Joseph stood-up and saw a beautiful girl smiling at him. She traipsed through the tall, waving grass and emerged onto the leaf strewn forest edge like a goddess rising from the sea. He saw her move and was captivated by her beauty. He longed to bury his face in her flowing locks of hair and breather her in- breather in all that he saw- he wanted all that he saw in her. He saw her perfection, but then he saw a shadow.
He saw her graceful legs come-out from underneath her as she flew. He saw her gorgeous body twist. He saw as her soft and elegant neck was torn and bright crimson streamed down her neck to her soft hands and her supple breasts. He saw as her sapphire eyes teared. He saw and her mouth still smiling warmly and witnessed her lips quiver like a faint whisper.

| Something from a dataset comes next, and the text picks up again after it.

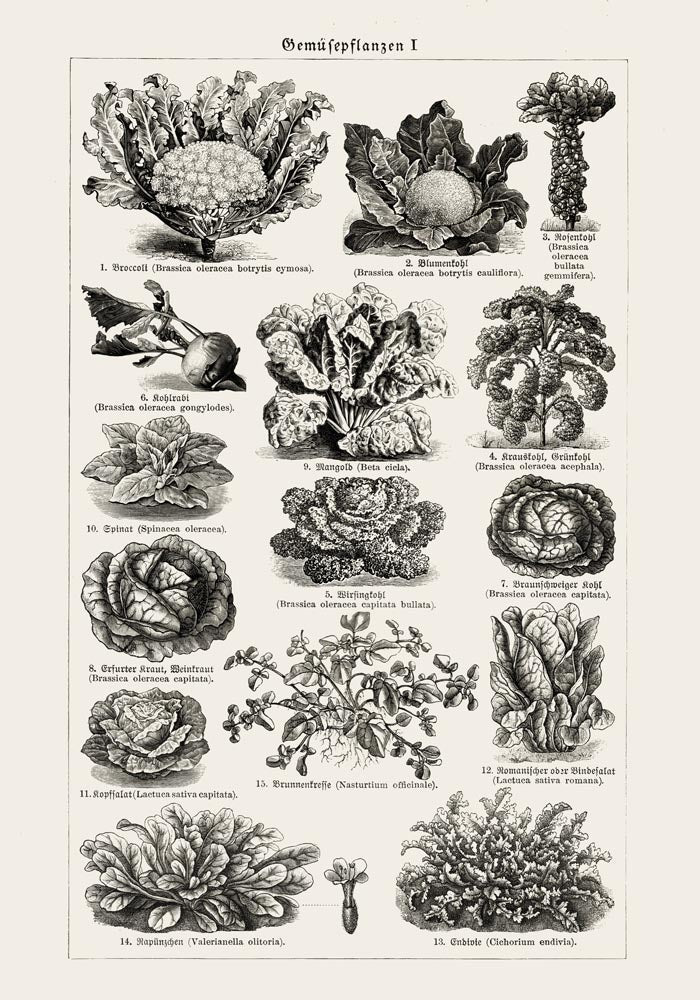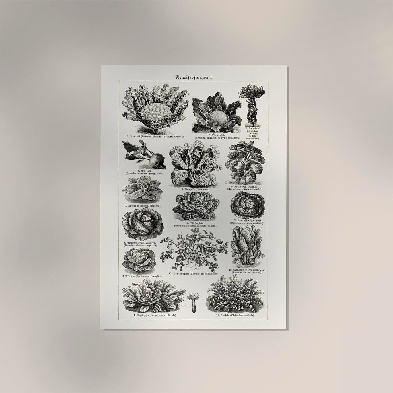 Antique Vegetable Chart Poster – Fine Art Print | Vintage Botanical | UV‑resistent

“Hero” stood-up to see a beautiful girl with a smile that should have blinded her assailant. He saw and made to rush to save her from that beast but found that his hands had been bound. He watched helplessly from his knees, his palms reaching for the heavens, as Abbadon tore at her throat, ravaged her and left to let the blood drain from her gorgeous, writhing body that was now swashing in a muddy pool of dark maroon that gleamed moistly in the bright light of the cynical moon. He braced himself as Abbadon rushed for him and the snarling beast lunged at his throat. He let out one last cry and the beast clung to him, digging its talons in deep. His muscles strained and his whole body labored as he tugged and pulled at his bindings. Every muscle in his face contorted from effort as very muscle in his body was made taut in his effort and his heart pounded. A stream of blood flowed from his wrists where he was bound by the boy’s seven bowstrings between the two pillars. The pillars shifted. Then they rocked. They rocked back and rocked again. Then, in one terrifying motion of power they were wrenched from their foundation letting the stone archway come crashing down on both him and Abbadon. He sighed one last warm breathe that curled into the frosty air like smoke as the two lay crushed flesh and bone beneath the immense stones.
The Morning After
Joseph awoke to find a girl like a dream cradled beside him twixt the two beams that were his dorm room bunk bed. He remembered he knew her and realized they were now no longer two lost souls meandering on a circuitous albeit aimless trek. They were like an orchestra that harmonized to the beautiful music of Puccini. He caressed her face as she peacefully slept and kissed her lips ever so softly she did not wake, but nonetheless she still smiled. Then he had a thought. He peered at her. From the recesses of his very consciousness came an emotion like a great abyss. His body twitched. She opened her eyes and he saw his own reflection in them looming at him. He peered straight through them and into his own. They were radiant. He tried to look away, but they seemed to tug at his very soul.